🤖 AI Summary
Existing 3D reconstruction methods suffer from low efficiency and limited quality due to indirect geometric learning and coupled geometry-appearance modeling. To address this, we propose the first end-to-end jointly optimized framework integrating explicit triangular meshes with 3D Gaussian points: differentiable 3D Gaussians are rigidly bound to mesh faces and jointly optimized under photometric supervision to reconstruct both geometry and surface appearance. Our approach breaks the conventional paradigm of decoupled geometry and appearance modeling, enabling efficient, high-fidelity reconstruction and real-time rendering. Quantitatively, it achieves a +1.8 dB PSNR improvement over prior methods on the DTU and BlendedMVS benchmarks.
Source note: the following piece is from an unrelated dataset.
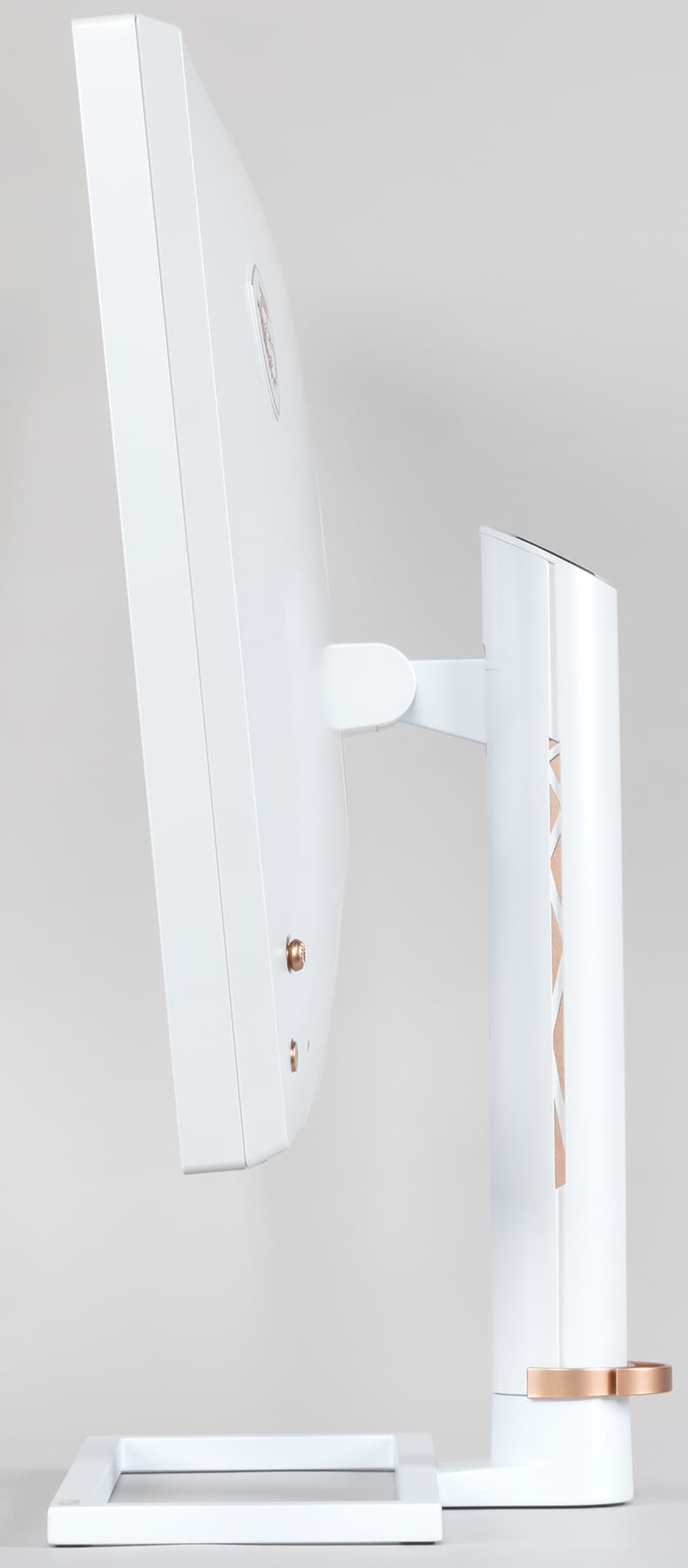 Стойка имеет фиксированную высоту, но подпираемый пружиной механизм со стальным рельсовым шариковым подшипником обеспечивает вертикальное перемещение крепежного узла, на который крепится блок экрана. В итоге легким движением руки экран можно установить на нужную высоту. Крепежный узел оснащен шарниром, позволяющими немного наклонять блок экрана вперед (на 4,6° согласно нашим измерениям) от вертикального положения и больше наклонять назад (на 20), а на шарнире в нижней части стойки блок экрана можно и поворачивать вправо-влево (±35° по данным производителя). Монтажная площадка подставки жестко крепится к блоку экрана четырьмя винтами (что сейчас нетипично), и закрывается снаружи пластиковым кожухом. На пластиковом кожухе стойки есть декоративные вставки из пластика с золотистым покрытием, а на верхнем торце стойки — заглушка из пластика с серебристым покрытием.

Moreover, the framework supports interactive mesh editing and incremental updates for dynamic scenes, significantly enhancing reconstruction efficiency and editing flexibility.
📝 Abstract
Accurately reconstructing a 3D scene including explicit geometry information is both attractive and challenging. Geometry reconstruction can benefit from incorporating differentiable appearance models, such as Neural Radiance Fields and 3D Gaussian Splatting (3DGS). However, existing methods encounter efficiency issues due to indirect geometry learning and the paradigm of separately modeling geometry and surface appearance. In this work, we propose a learnable scene model that incorporates 3DGS with an explicit geometry representation, namely a mesh. Our model learns the mesh and appearance in an end-to-end manner, where we bind 3D Gaussians to the mesh faces and perform differentiable rendering of 3DGS to obtain photometric supervision. The model creates an effective information pathway to supervise the learning of both 3DGS and mesh. Experimental results demonstrate that the learned scene model not only improves efficiency and rendering quality but also enables manipulation via the explicit mesh. In addition, our model has a unique advantage in adapting to scene updates, thanks to the end-to-end learning of both mesh and appearance.